Two cyber criminals who provided a range of services to credit card fraudsters have been sentenced to almost 5 years after facilitating fraud valued at more than £26.9m.

Jay Moore, who used the online moniker of ‘t0pp8uzz’, set up the ‘Freshshop’ website to facilitate the bulk sale of stolen financial data.  He recruited Damian Horne, known by the online moniker of ‘GM’, to assist in his online criminality.

Moore and Horne, who met through an online ‘hackers’ chat forum commenced their criminal activities by selling stolen iTunes vouchers and other online gaming codes on eBay.

Within a short space of time the two escalated their criminal enterprise to sell compromised credit card data and launder the proceeds of their criminality through a network of bank accounts, online financial institutions and overseas money exchangers.

Moore, who had no formal qualifications, used his advanced computer knowledge to hack into computer systems and obtain databases of payment card information which he then made available through his website Freshshop, which was designed to look and operate like any other online retail site. In addition to selling information he had obtained himself, he also allowed other like minded criminals to sell their compromised data on the website, for which he received a commission.

Horne used his personal bank account to receive criminal funds received through the website and posted bundles of cash to Moore.

When SOCA Officers raided his parents’ home in 2011, Moore was found in control of a bank of computers logged on to the Freshshop website.  A search of his bedroom revealed a safe which contained over £80,700 in cash.

Enquiries identified assets purchased as a result of his criminality including a top of the range BMW motor car and personalised registration plate which alone was valued at over £10,000. Such was Moore’s wealth that he also provided some £40,000 to help his father buy a substantial farm house, and attributed his earnings to a fake web design business created purely to hide his criminal activity.

Analysis of Moore’s computers revealed that he held the payment card details of more than 340,000 individuals, and fraud losses attributed to card details available on his website have been reported as being in excess of £26.9m by the card issuers.  This is in reality a conservative figure and the actual loss is likely to be considerably more.  In addition to the fraud attributed to specific cards, the information brokered by Moore would also have been sufficient to enable fake bank accounts to be set up.  These could in turn be used to commit further fraud, such as cheque or identity fraud.
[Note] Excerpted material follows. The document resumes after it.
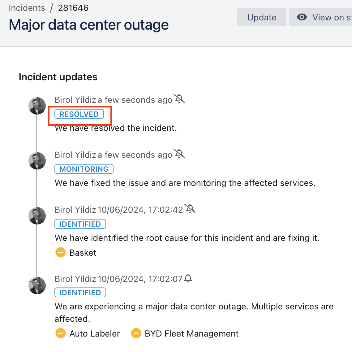 You may also choose to include your postmortem on all status pages that this incident appears on.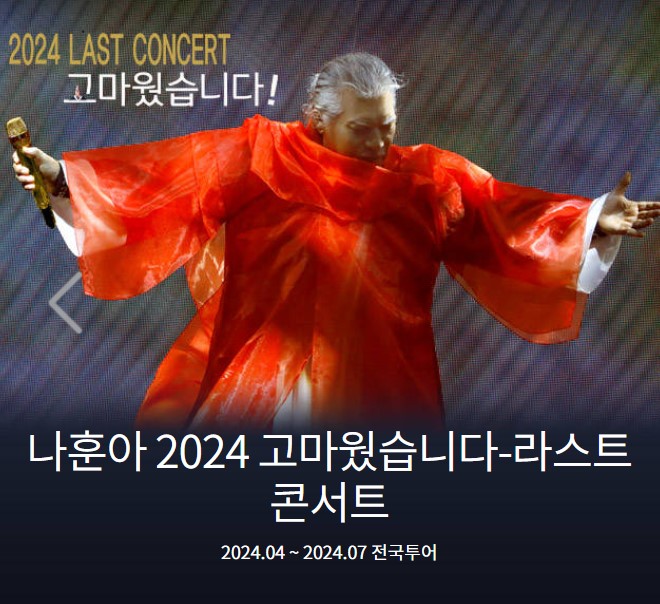 나훈아의 '2024 고마웠습니다-라스트 콘서트'는 현재 상반기 일정이 확정되었습니다. 지난 3월 19일(화) 오전 10시에 인천에서 열릴 콘서트 티켓 오픈이 시작되었는데요, 앞으로 청주, 울산, 창원, 천안, 원주, 전주 콘서트 티켓이 오픈을 기다리고 있습니다.

The sale of this compromised data earned Moore substantial profits, including £170,000 credited to his bank account and £80,700 in a safe at his home in Cromhall, Gloucestershire.

In a further effort to conceal the large sums of cash flowing in to his bank account, Moore recruited two friends to collect money on his behalf from Western Union outlets in the Bristol area. These two individuals (Lewis Danter, 20, from Coalpit Heath & John Allen, 22, from Bedminster Down) pleaded guilty to money laundering offences at Bristol Magistrates Court at an earlier hearing.

SOCA is continuing to investigate those persons who used the Freshshop website.


Moore pleaded guilty to 12 charges related to fraud, money laundering and computer misuse at Bristol Crown on 1st of June and was sentenced to 3 yrs.

Damien Horne also pleaded guilty and was sentenced to 21 months.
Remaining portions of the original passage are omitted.